## Provided data
+ + +

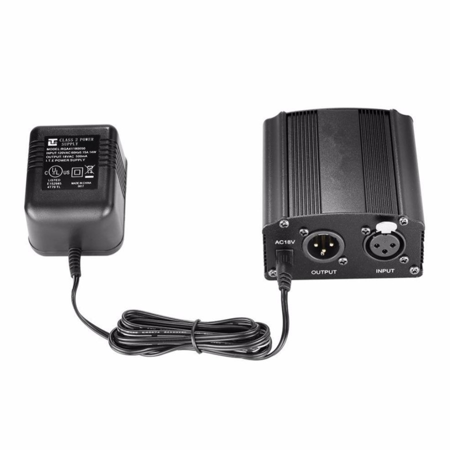 Phantom Power Supply 48V adalah power supply tambahan untuk microphone condenser yang menggunakan plug XLR sehingga suara yang dihasilkan lebih jernih dan lebih keras. Phantom Power ini dapat menghantar daya hingga 48V dan low-noise.
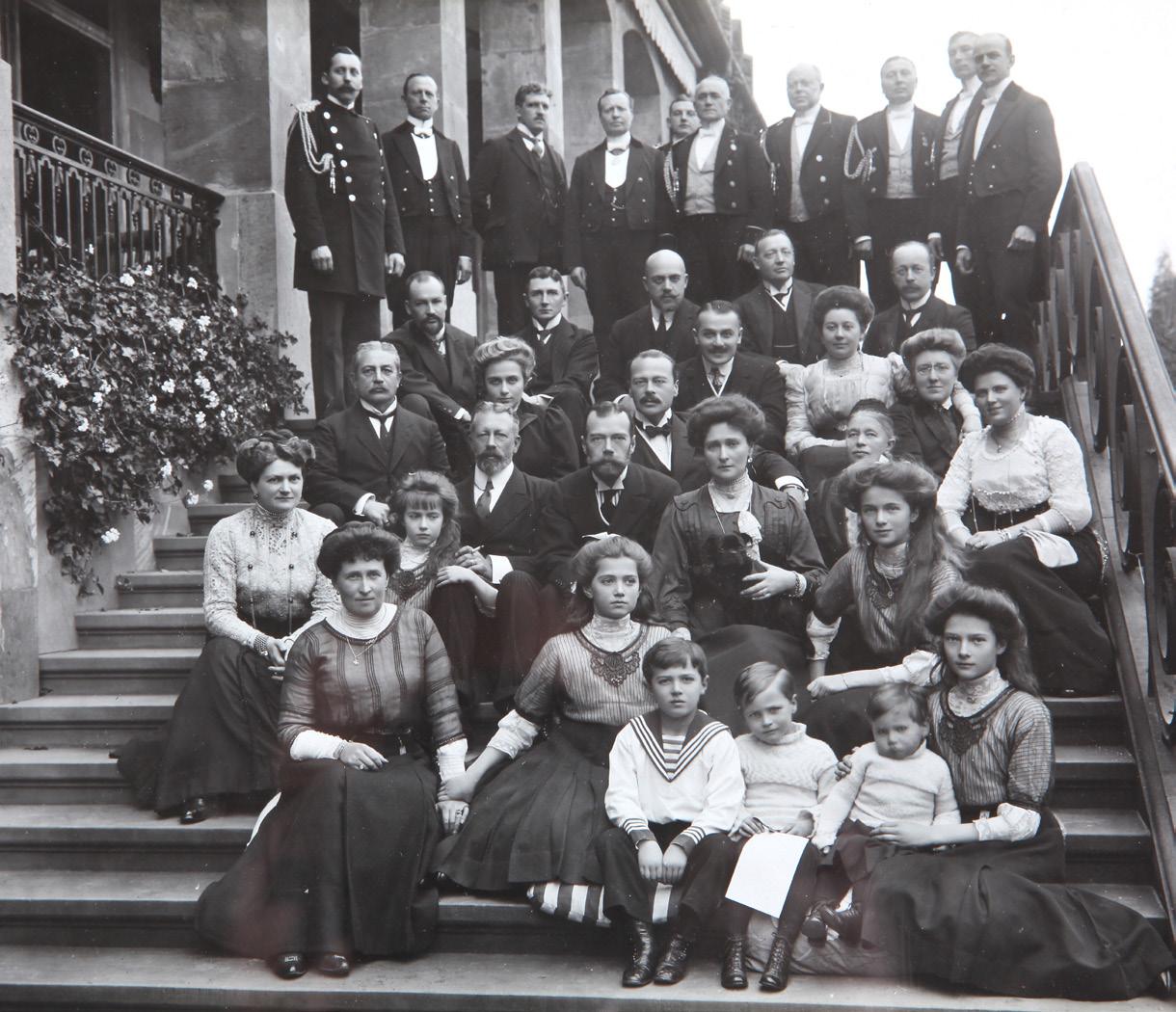 Abb. 12: Sommer 1910 auf der Freitreppe des Herrenbaus, erste Reihe (von links): Irene von Preußen, Zarentochter Maria, Zare witsch Alexej, die Brüder Don und Lu von Hessen, Cousine Tatiana; zweite Reihe: Großherzogin Eleonore, Zarentochter Anastasia, Heinrich von Preußen, Nikolaus II., Zarin Alexandra (mit Mops), Tochter Olga; dritte Reihe: Oberhofmeister von Riedesel, Hofdame von Bützow, Ernst Ludwig, Flügeladjutant von Massenbach, Hofdame von Rotsmann; ferner Angehö rige des Hofstaats und Dienerschaft (KHH)
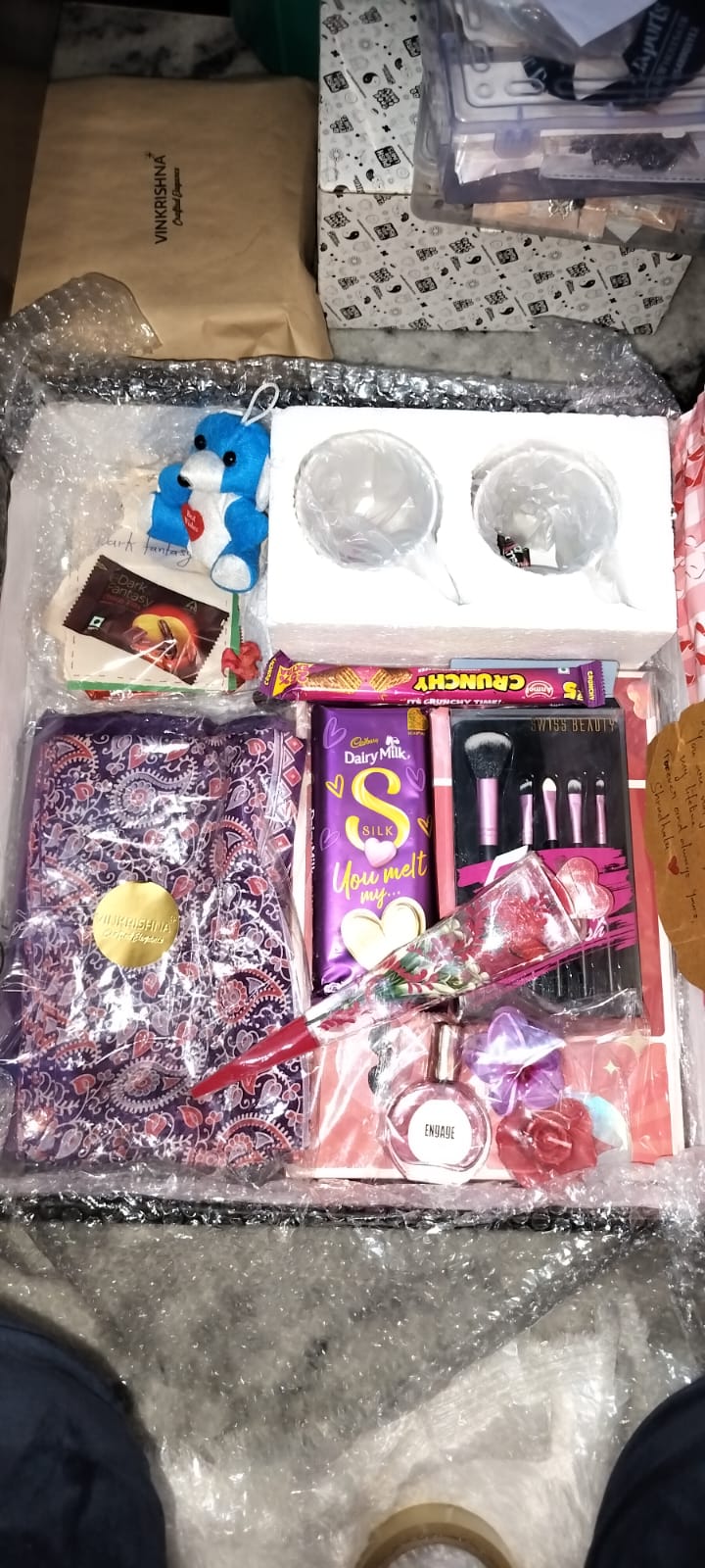 • Beauty Essentials: The Swiss Beauty makeup brush set and Engage perfume elevate the hamper with a touch of glamour and self-care.

+ + +

## Prompt
The response must repeat all the lines above exactly and include no pictures.

## Worked solution
 Phantom Power Supply 48V adalah power supply tambahan untuk microphone condenser yang menggunakan plug XLR sehingga suara yang dihasilkan lebih jernih dan lebih keras. Phantom Power ini dapat menghantar daya hingga 48V dan low-noise.
 Abb. 12: Sommer 1910 auf der Freitreppe des Herrenbaus, erste Reihe (von links): Irene von Preußen, Zarentochter Maria, Zare witsch Alexej, die Brüder Don und Lu von Hessen, Cousine Tatiana; zweite Reihe: Großherzogin Eleonore, Zarentochter Anastasia, Heinrich von Preußen, Nikolaus II., Zarin Alexandra (mit Mops), Tochter Olga; dritte Reihe: Oberhofmeister von Riedesel, Hofdame von Bützow, Ernst Ludwig, Flügeladjutant von Massenbach, Hofdame von Rotsmann; ferner Angehö rige des Hofstaats und Dienerschaft (KHH)
 • Beauty Essentials: The Swiss Beauty makeup brush set and Engage perfume elevate the hamper with a touch of glamour and self-care.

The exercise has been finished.